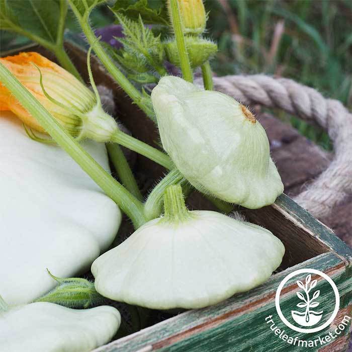 50 days. Pale green scalloped fruits are delicious when 3 to 4 inches across. Don’t turn your back on them though or they will turn into dinner plates. The fine textured flesh is also pale green in color. This semi open bush yields better than older bush scallop types.
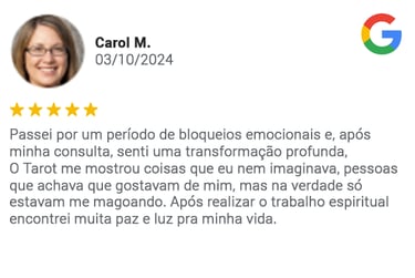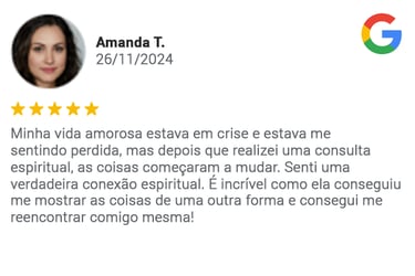 Cada consulta espiritual é única, considerando todos os aspectos da sua vida, como amor, trabalho, saúde e espiritualidade. Ao realizar uma leitura detalhada de tarot, búzios ou cartas, buscaremos juntos as melhores soluções e orientações, sempre respeitando sua individualidade e necessidades pessoais. Com a minha orientação, vamos abrir caminhos e alinhar sua energia para resultados harmoniosos, trazendo paz, clareza e transformação para sua vida. Aqui, mais do que respostas, você encontrará a verdadeira conexão consigo mesmo. Agende sua consulta e inicie o seu processo de cura e autoconhecimento.
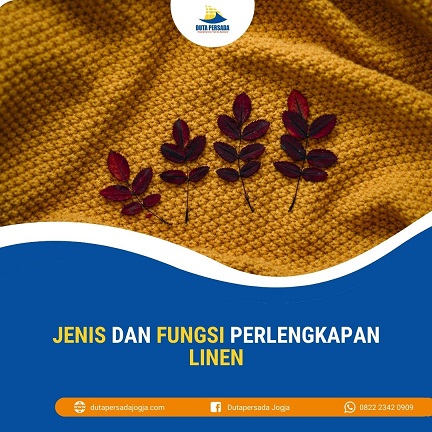 Sebab pemilihan kain yang tepat, akan memberikan rasa nyaman, mudah bagi karyawan ketika melakukan pelayanan dan juga tamu. Sedangkan Untuk mewujudkan hal tersebut, di dalam linen teryata 6 peralatan yang memiliki nama kain dan fungsi yang berbeda.

---

§ YOUR TASK: Word for word, output the whole listing, but not its pictures.

§ RESPONSE BELOW:
 50 days. Pale green scalloped fruits are delicious when 3 to 4 inches across. Don’t turn your back on them though or they will turn into dinner plates. The fine textured flesh is also pale green in color. This semi open bush yields better than older bush scallop types.
 Cada consulta espiritual é única, considerando todos os aspectos da sua vida, como amor, trabalho, saúde e espiritualidade. Ao realizar uma leitura detalhada de tarot, búzios ou cartas, buscaremos juntos as melhores soluções e orientações, sempre respeitando sua individualidade e necessidades pessoais. Com a minha orientação, vamos abrir caminhos e alinhar sua energia para resultados harmoniosos, trazendo paz, clareza e transformação para sua vida. Aqui, mais do que respostas, você encontrará a verdadeira conexão consigo mesmo. Agende sua consulta e inicie o seu processo de cura e autoconhecimento.
 Sebab pemilihan kain yang tepat, akan memberikan rasa nyaman, mudah bagi karyawan ketika melakukan pelayanan dan juga tamu. Sedangkan Untuk mewujudkan hal tersebut, di dalam linen teryata 6 peralatan yang memiliki nama kain dan fungsi yang berbeda.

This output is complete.